··· Extracted records

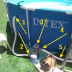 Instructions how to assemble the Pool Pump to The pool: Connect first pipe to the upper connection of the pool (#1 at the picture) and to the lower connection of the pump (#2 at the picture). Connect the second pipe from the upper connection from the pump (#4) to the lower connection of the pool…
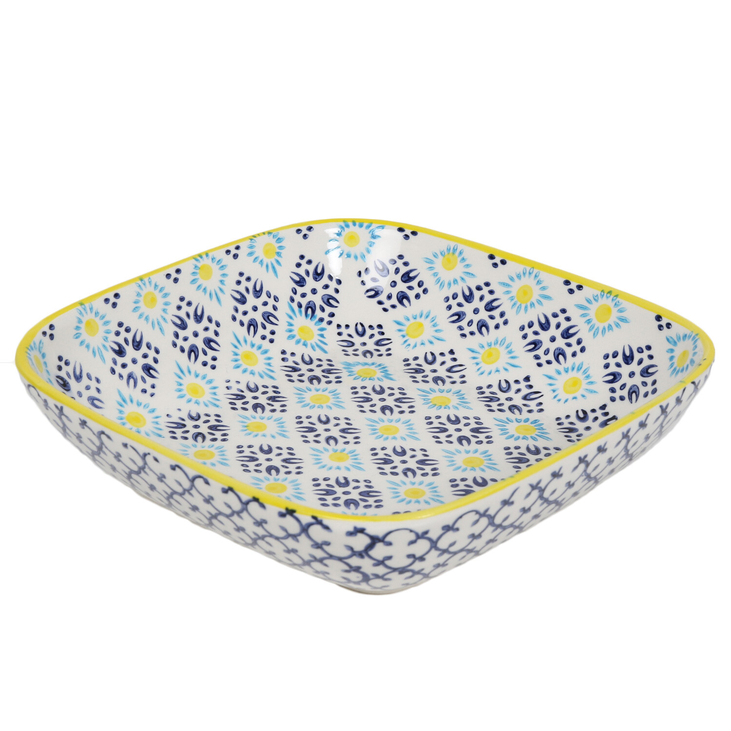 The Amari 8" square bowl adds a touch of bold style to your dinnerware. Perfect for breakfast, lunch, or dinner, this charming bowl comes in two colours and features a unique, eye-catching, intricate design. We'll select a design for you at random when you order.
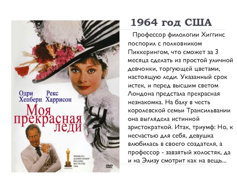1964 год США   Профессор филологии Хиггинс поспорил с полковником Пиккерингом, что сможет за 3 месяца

······
··· Extracted records

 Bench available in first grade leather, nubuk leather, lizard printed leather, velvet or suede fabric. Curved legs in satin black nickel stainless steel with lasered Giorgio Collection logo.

······

Problem description =
Your copy should hold only the lines above from the one containing "Instructions how to" through the one containing "1964 год США", exactly as written and free of pictures.

Task output =
 Instructions how to assemble the Pool Pump to The pool: Connect first pipe to the upper connection of the pool (#1 at the picture) and to the lower connection of the pump (#2 at the picture). Connect the second pipe from the upper connection from the pump (#4) to the lower connection of the pool…
 The Amari 8" square bowl adds a touch of bold style to your dinnerware. Perfect for breakfast, lunch, or dinner, this charming bowl comes in two colours and features a unique, eye-catching, intricate design. We'll select a design for you at random when you order.
1964 год США   Профессор филологии Хиггинс поспорил с полковником Пиккерингом, что сможет за 3 месяца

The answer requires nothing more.